[Items listed in a dataset]
++++++

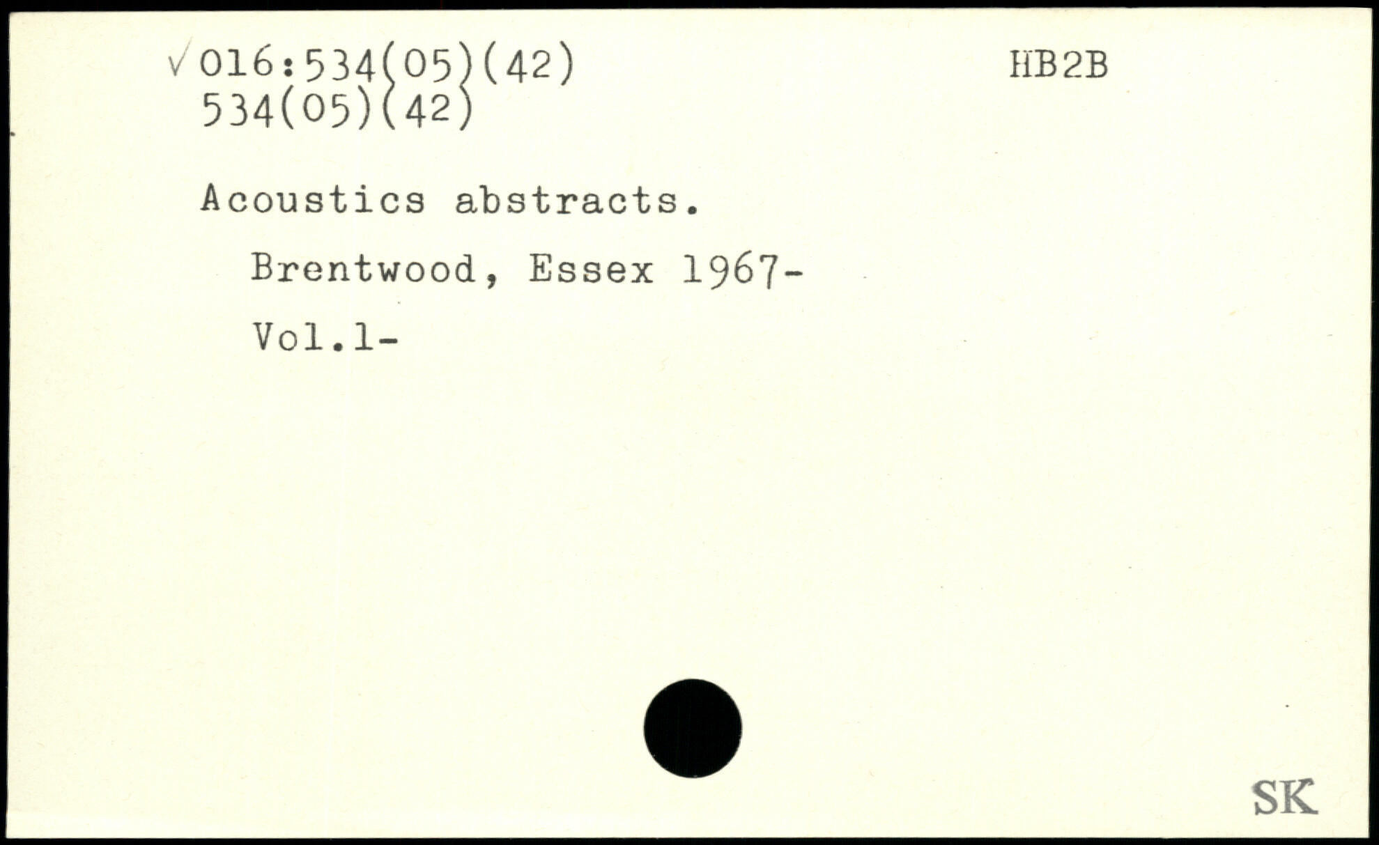 Acoustics abstracts. Brentwood, Essex 1967-Vol.l-
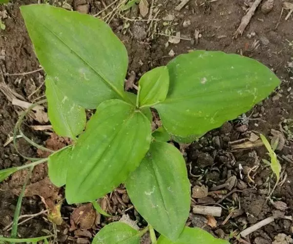 (学名:Commelina bengalensis Linn.):多年生披散草本。茎大部分匍匐,节上生根,上部及分枝上部上升,长可达70厘米,被疏柔毛。叶有明显的叶柄;叶片卵形,近无毛。总苞片漏斗状,与叶对生,常数个集于枝顶,下部边缘合生,长8-12毫米,被疏毛;花序下面一枝具细长梗,具1-3朵不孕的花,伸出佛焰苞,上面一枝有花数朵,结实,不伸出佛焰苞;花瓣蓝色,圆形,长3-5毫米;内面2枚具长爪。蒴果椭圆状,3室,腹面2室每室具两颗种子。种子长近2毫米,多皱并有不规则网纹,黑色。花期夏秋。
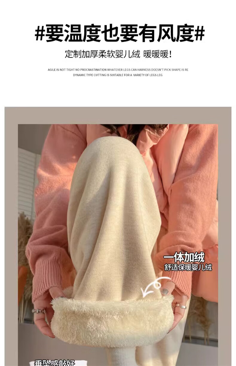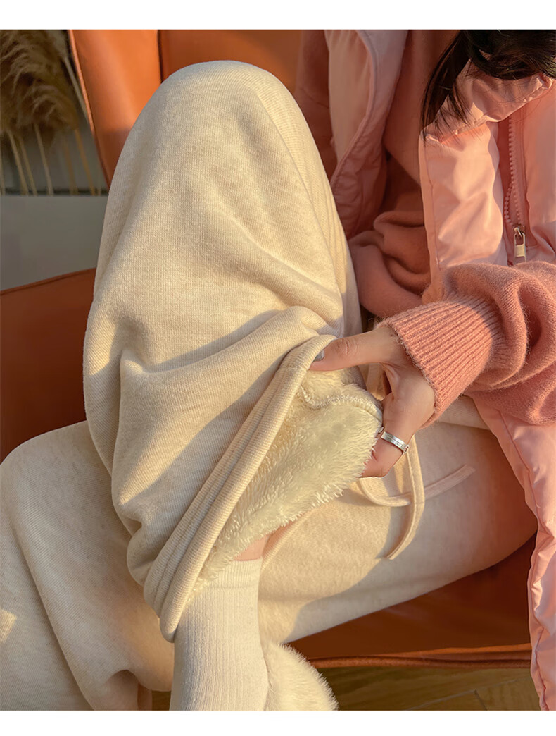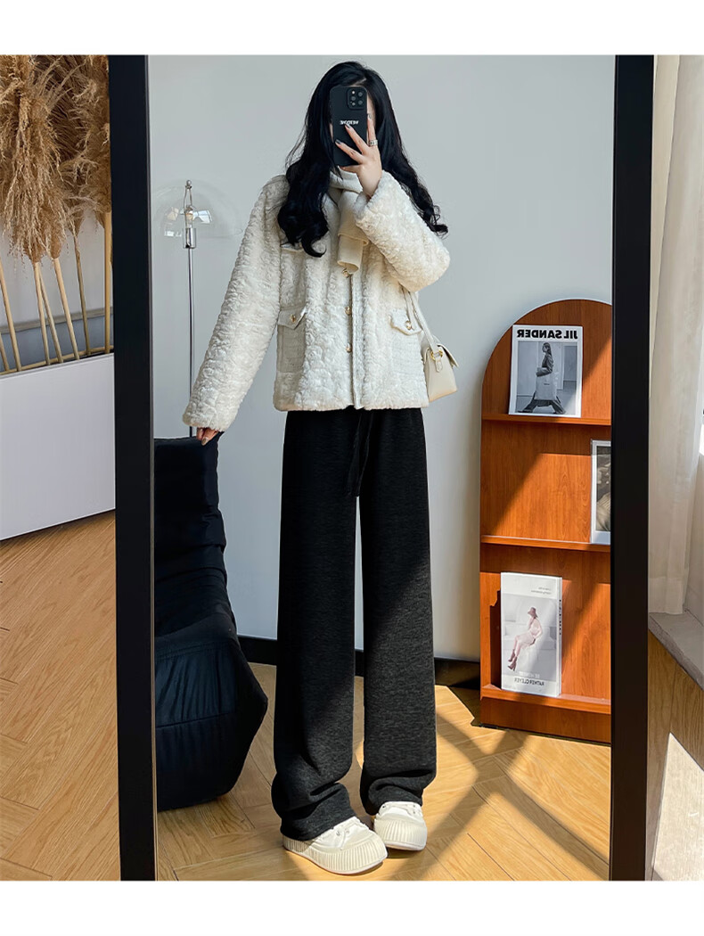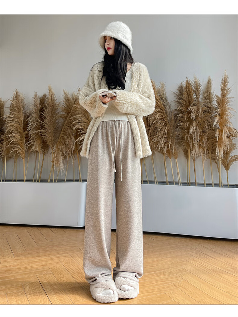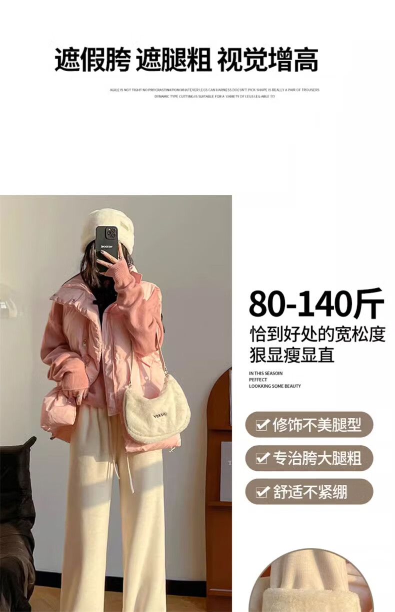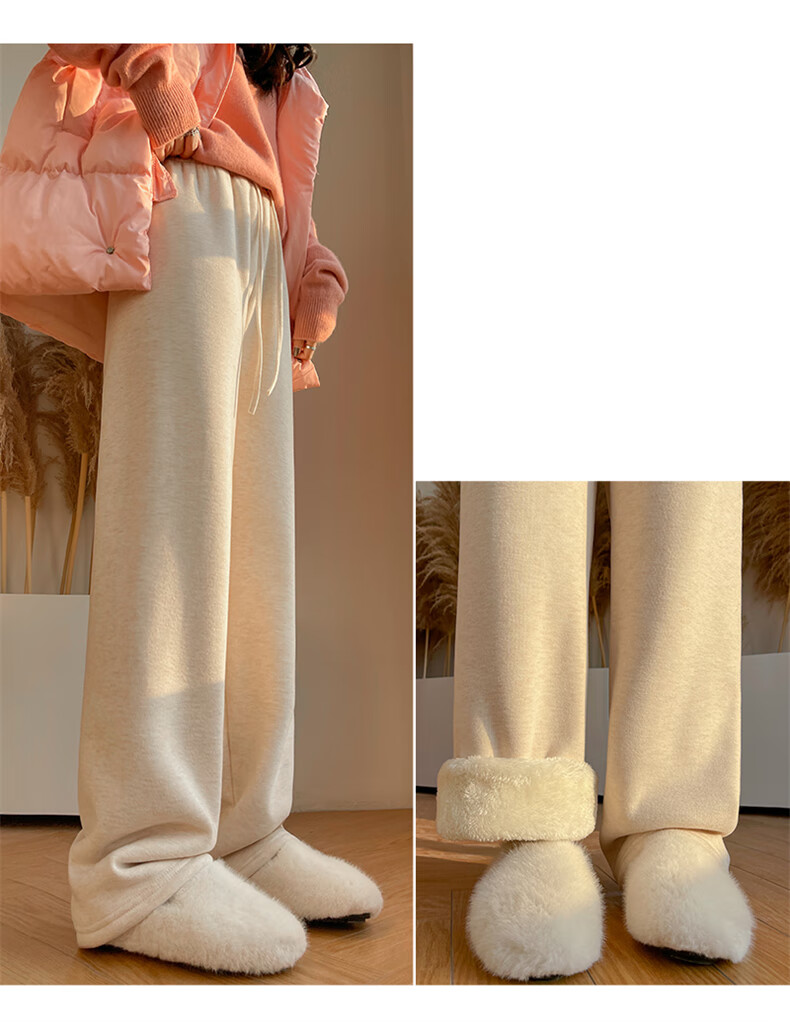 Langsha lamb velvet glutinous rice pants for women winter 2025 new style plus velvet thickened high waist drape straight loose slimming wide leg pants
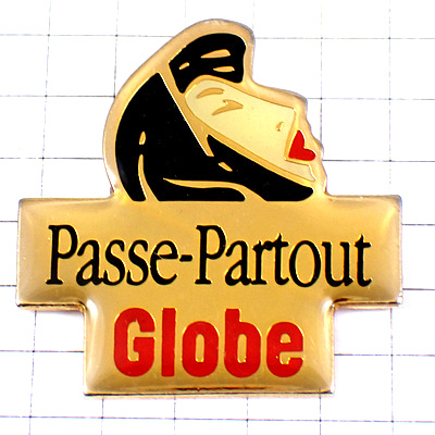 ピンバッジ・黒いスカーフ赤い唇の女の子 GLOBE MAGAZINE FRANCE
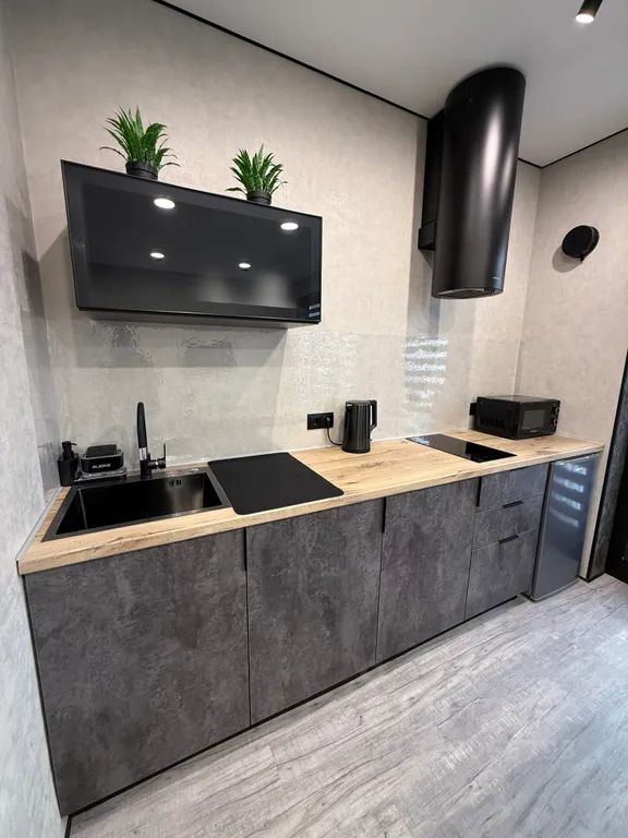 - кухня: холодильник, микроволновка, чайник, варочная панель, вытяжка, набор посуды.
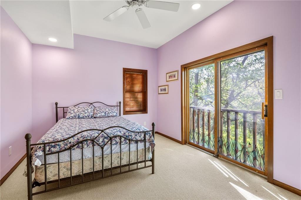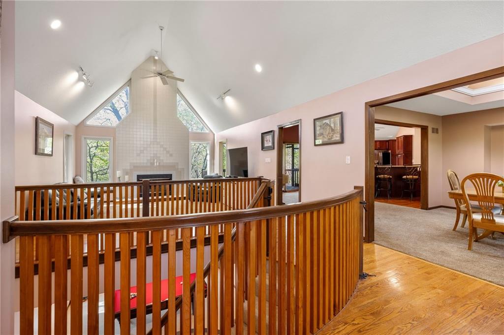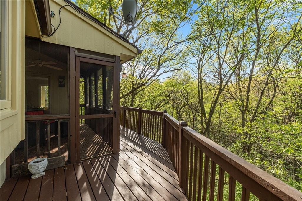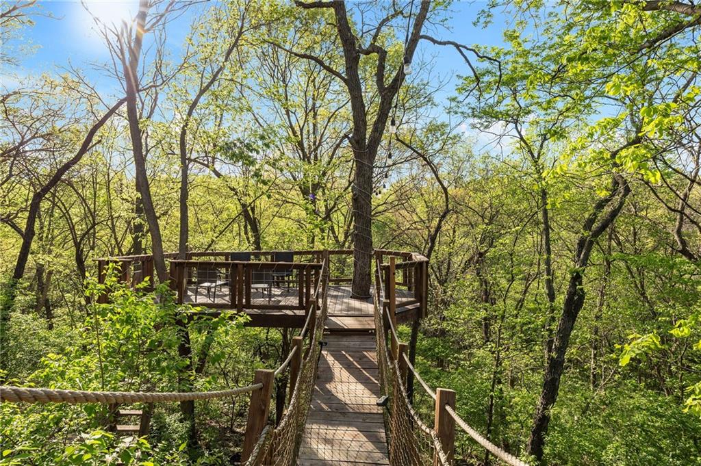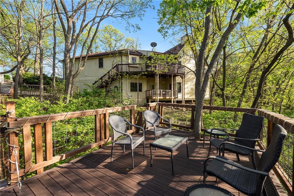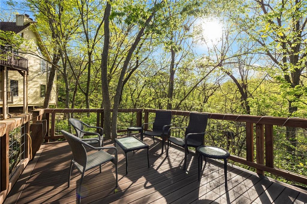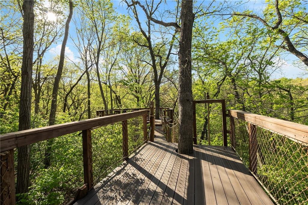 If you’re searching for a truly exceptional home, 7206 Larson is it. Tucked quietly at the end of a small horseshoe street in a quiet neighborhood, this custom-built 1.5 story reverse ranch offers unmatched seclusion and character. Built in 1992 and perfectly maintained, this rare opportunity sits on a beautifully wooded 1.6-acre lot that feels like your own private nature sanctuary. With 4 bedrooms, 3 full baths, and 2 half baths, there’s plenty of space to entertain and unwind. The open flow connects the living area, dining room, and kitchen while vaulted ceilings and large windows showcase sweeping views of the park-like backyard. Step outside to enjoy two decks overlooking mature trees and wildlife — deer, turkey, and birds are frequent guests. A custom treehouse, completed in 2022, adds even more charm and a sense of retreat. The primary suite on the main level features a remarkable en-suite bath designed for two, with dual vanities, dual water closets, separate walk-in closets, and a shared jetted tub and walk-in shower connecting the spaces. Down the curved staircase, discover a lower level built to impress — an indoor atrium with turf and stone accents opens into a spacious family room with a gas fireplace and three additional bedrooms surrounded by private wooded views. Ample storage and thoughtful design make every corner functional and inviting. Recent updates include a new Air Conditioning unit (2025), tankless water heater, water softener, toilets, faucets (2021), kitchen upgrades (2018), and garage resealing (2020). This home stands as one of the most unique and well-kept properties in the area. Also to note the property is in close proximity to the Rock Island Trail. Rarely does a home blend craftsmanship, privacy, and location like this. Schedule your private showing today before this extraordinary home is gone.
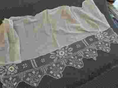 Przedwojenna, kołkowa firaneczka ecru - róże
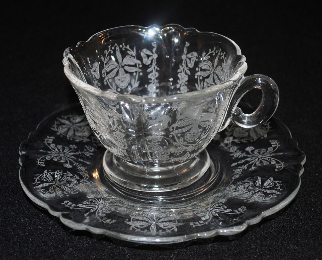 Set of 8 Heisey Crystal "Orchid" cups and saucers on Queen Anne blank, all signed
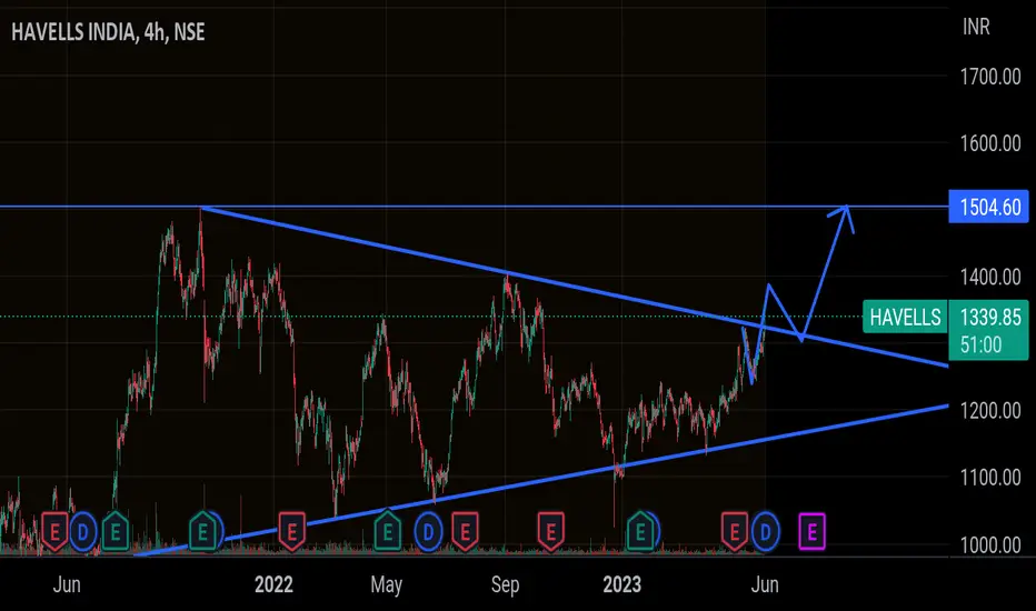 Make symmetrical triangle chart pattern in 4 hour time fram , take break out with High volume , MACD and RSI saw fair value , also take support of 50 EMA so first Target will be 1504.05 and Stop loss will be 1268.75

++++++

### Problem requirements
Give again, word for word, every line from the top of the entries above to the line holding "- кухня: холодильник, микроволновка, чайник, варочная", both included. Leave the pictures out.

### Result of this task
 Acoustics abstracts. Brentwood, Essex 1967-Vol.l-
 (学名:Commelina bengalensis Linn.):多年生披散草本。茎大部分匍匐,节上生根,上部及分枝上部上升,长可达70厘米,被疏柔毛。叶有明显的叶柄;叶片卵形,近无毛。总苞片漏斗状,与叶对生,常数个集于枝顶,下部边缘合生,长8-12毫米,被疏毛;花序下面一枝具细长梗,具1-3朵不孕的花,伸出佛焰苞,上面一枝有花数朵,结实,不伸出佛焰苞;花瓣蓝色,圆形,长3-5毫米;内面2枚具长爪。蒴果椭圆状,3室,腹面2室每室具两颗种子。种子长近2毫米,多皱并有不规则网纹,黑色。花期夏秋。
 Langsha lamb velvet glutinous rice pants for women winter 2025 new style plus velvet thickened high waist drape straight loose slimming wide leg pants
 ピンバッジ・黒いスカーフ赤い唇の女の子 GLOBE MAGAZINE FRANCE
 - кухня: холодильник, микроволновка, чайник, варочная панель, вытяжка, набор посуды.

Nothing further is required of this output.